At the district general hospital level, Homerton University Hospital in east London has seen its intensive care capacity triple in 10 days. “It’s like having a major incident every day for the past two weeks, and we don’t know how long it’s going to go on for,” says a spokesperson. The hospital is caring for 168 patients with covid-19 in six specially adapted wards with bed bays that can be isolated with glass screens. “We have turned from a district general hospital into a focused covid hospital overnight,” the spokesperson says.

Chaand Nagpaul, BMA council chair, says that it is important to acknowledge all this work—not just the NHS Nightingale hospitals. He says, “While the NHS is increasing capacity in brand new covid-19 hospitals, it’s vital that we also recognise the transformational efforts of doctors in each and every hospital throughout the UK to meet the escalating demands of the pandemic on the NHS.

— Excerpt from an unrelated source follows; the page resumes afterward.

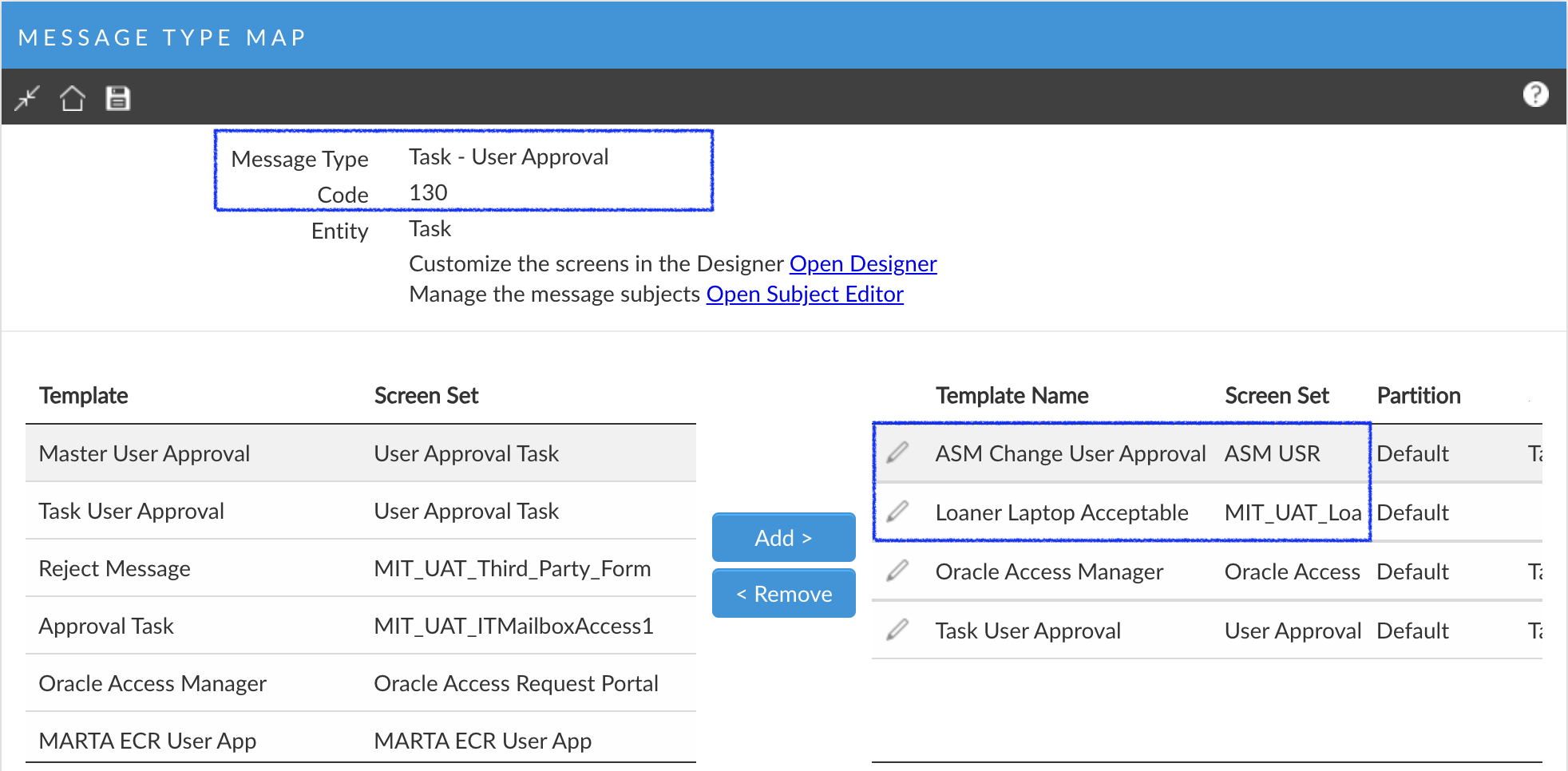 * Ensure the message template is mapped **System Admin > Message Types > Message type** **130: Task - User Approval**

“Doctors are rapidly learning new skills—many shifting from their normal specialty to focus on new areas of need. The NHS is doing all it can to tackle covid-19, and doctors across the nation are showing immense courage, determination, and leadership in preparing their hospitals to cope with the relentless pressures ahead.”

Footnotes

  • Competing interests: I have read and understood BMJ policy on declaration of interests and have no relevant interests to declare

  • Provenance and peer review: Commissioned; not externally peer reviewed.